Recorded data

[Start of section]

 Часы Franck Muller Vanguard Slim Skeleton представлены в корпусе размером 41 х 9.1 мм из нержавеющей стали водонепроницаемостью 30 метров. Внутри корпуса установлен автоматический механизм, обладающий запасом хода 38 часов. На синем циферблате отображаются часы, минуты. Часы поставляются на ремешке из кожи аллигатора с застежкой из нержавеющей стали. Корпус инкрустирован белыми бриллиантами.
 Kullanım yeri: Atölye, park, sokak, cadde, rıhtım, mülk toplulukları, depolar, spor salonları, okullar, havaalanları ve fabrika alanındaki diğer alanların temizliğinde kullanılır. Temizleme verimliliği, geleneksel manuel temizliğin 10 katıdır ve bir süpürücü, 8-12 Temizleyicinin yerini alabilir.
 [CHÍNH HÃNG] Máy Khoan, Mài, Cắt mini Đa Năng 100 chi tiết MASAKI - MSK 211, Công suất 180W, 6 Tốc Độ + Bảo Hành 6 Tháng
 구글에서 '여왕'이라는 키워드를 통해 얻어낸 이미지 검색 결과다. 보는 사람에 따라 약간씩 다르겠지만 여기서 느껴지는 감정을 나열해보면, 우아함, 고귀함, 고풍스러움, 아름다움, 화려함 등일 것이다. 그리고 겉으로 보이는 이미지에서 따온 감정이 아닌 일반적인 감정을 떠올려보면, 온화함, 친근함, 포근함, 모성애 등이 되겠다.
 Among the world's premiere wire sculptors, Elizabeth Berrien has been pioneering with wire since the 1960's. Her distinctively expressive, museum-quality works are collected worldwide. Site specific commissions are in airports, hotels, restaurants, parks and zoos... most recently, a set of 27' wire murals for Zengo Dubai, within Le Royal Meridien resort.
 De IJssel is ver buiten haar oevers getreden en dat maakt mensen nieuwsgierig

[End of section]
[Start of section]

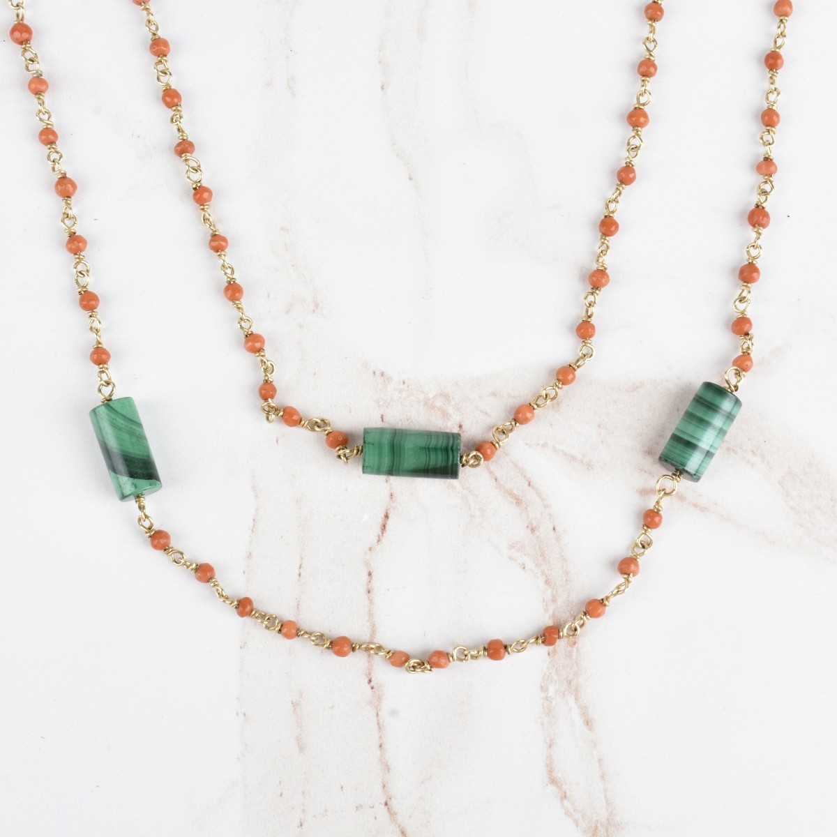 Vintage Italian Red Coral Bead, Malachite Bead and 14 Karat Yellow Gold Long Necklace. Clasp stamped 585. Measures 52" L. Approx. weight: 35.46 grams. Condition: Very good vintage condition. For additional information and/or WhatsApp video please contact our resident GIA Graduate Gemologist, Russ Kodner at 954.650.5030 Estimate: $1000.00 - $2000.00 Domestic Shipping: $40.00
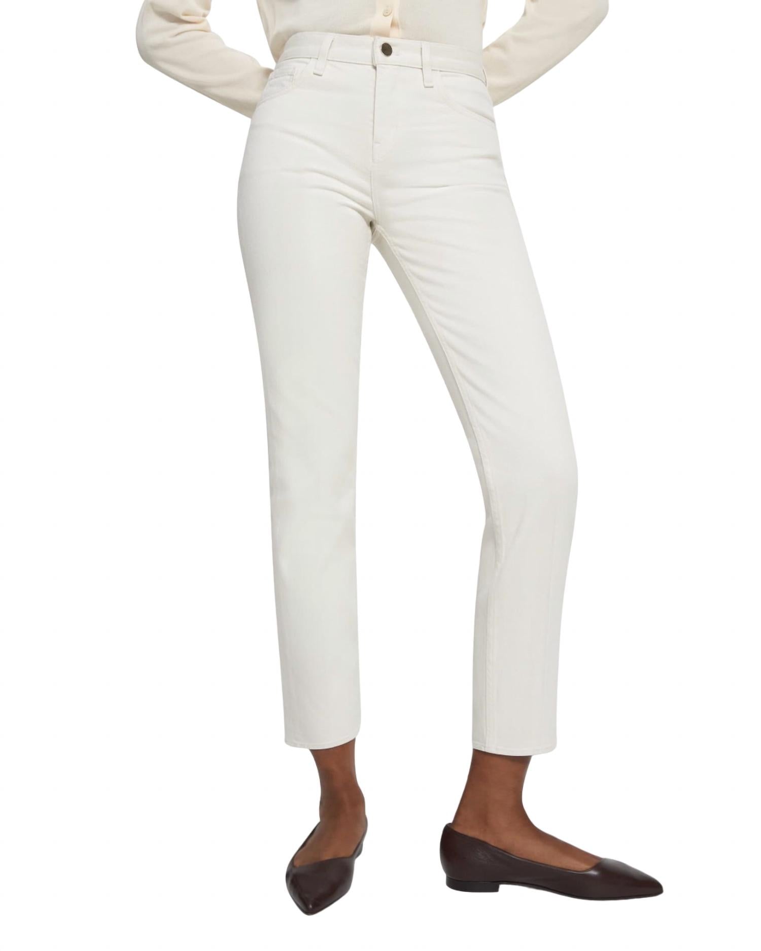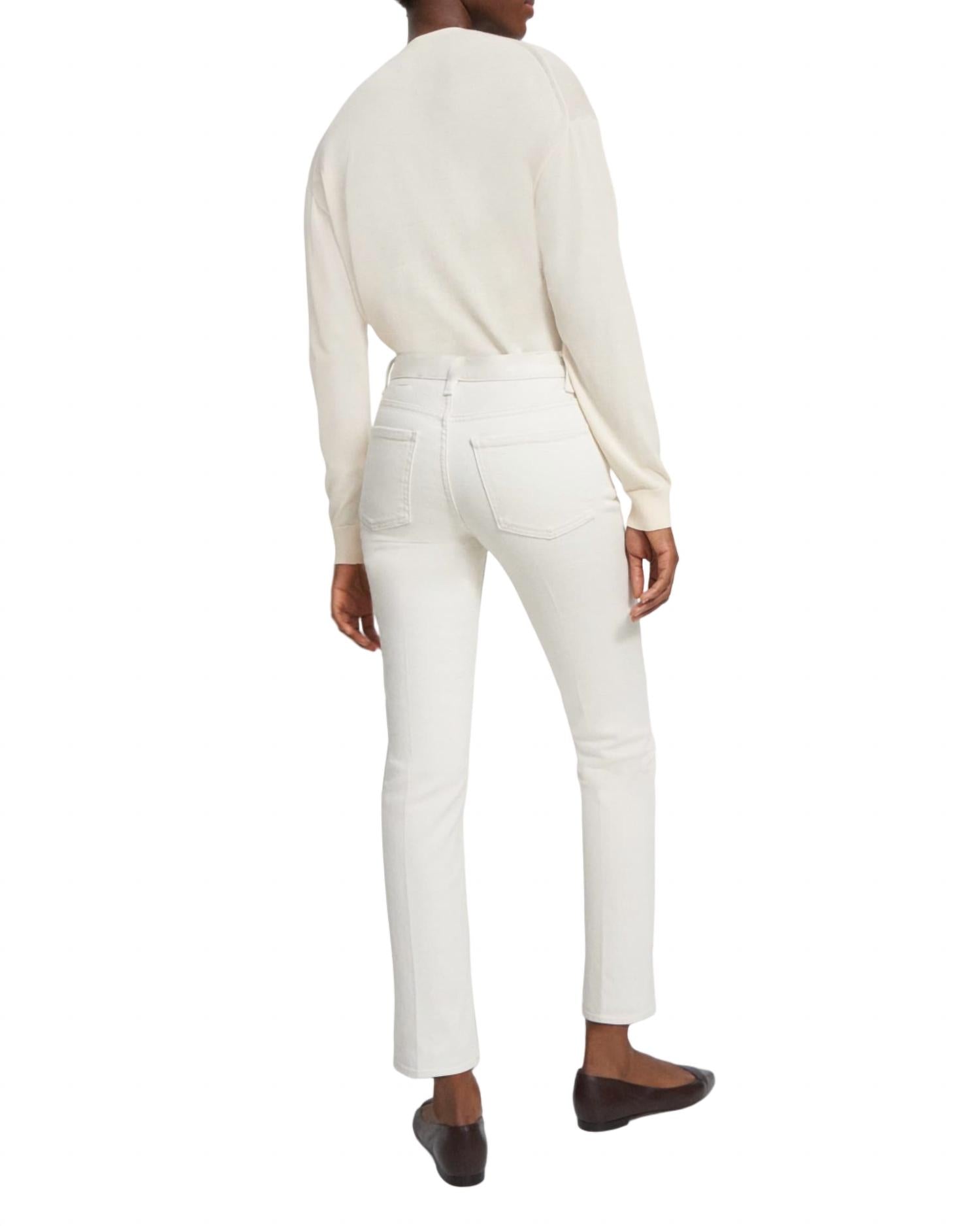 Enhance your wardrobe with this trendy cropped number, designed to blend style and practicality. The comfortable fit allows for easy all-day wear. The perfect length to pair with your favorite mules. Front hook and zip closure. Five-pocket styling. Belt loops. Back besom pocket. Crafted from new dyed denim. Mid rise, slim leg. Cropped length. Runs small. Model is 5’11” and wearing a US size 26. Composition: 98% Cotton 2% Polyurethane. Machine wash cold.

[End of section]

Exercise
All that is wanted is an exact copy of the lines above from the one with "Among the world's" through the one with "De IJssel is", with both ends included.

Exercise output
 Among the world's premiere wire sculptors, Elizabeth Berrien has been pioneering with wire since the 1960's. Her distinctively expressive, museum-quality works are collected worldwide. Site specific commissions are in airports, hotels, restaurants, parks and zoos... most recently, a set of 27' wire murals for Zengo Dubai, within Le Royal Meridien resort.
 De IJssel is ver buiten haar oevers getreden en dat maakt mensen nieuwsgierig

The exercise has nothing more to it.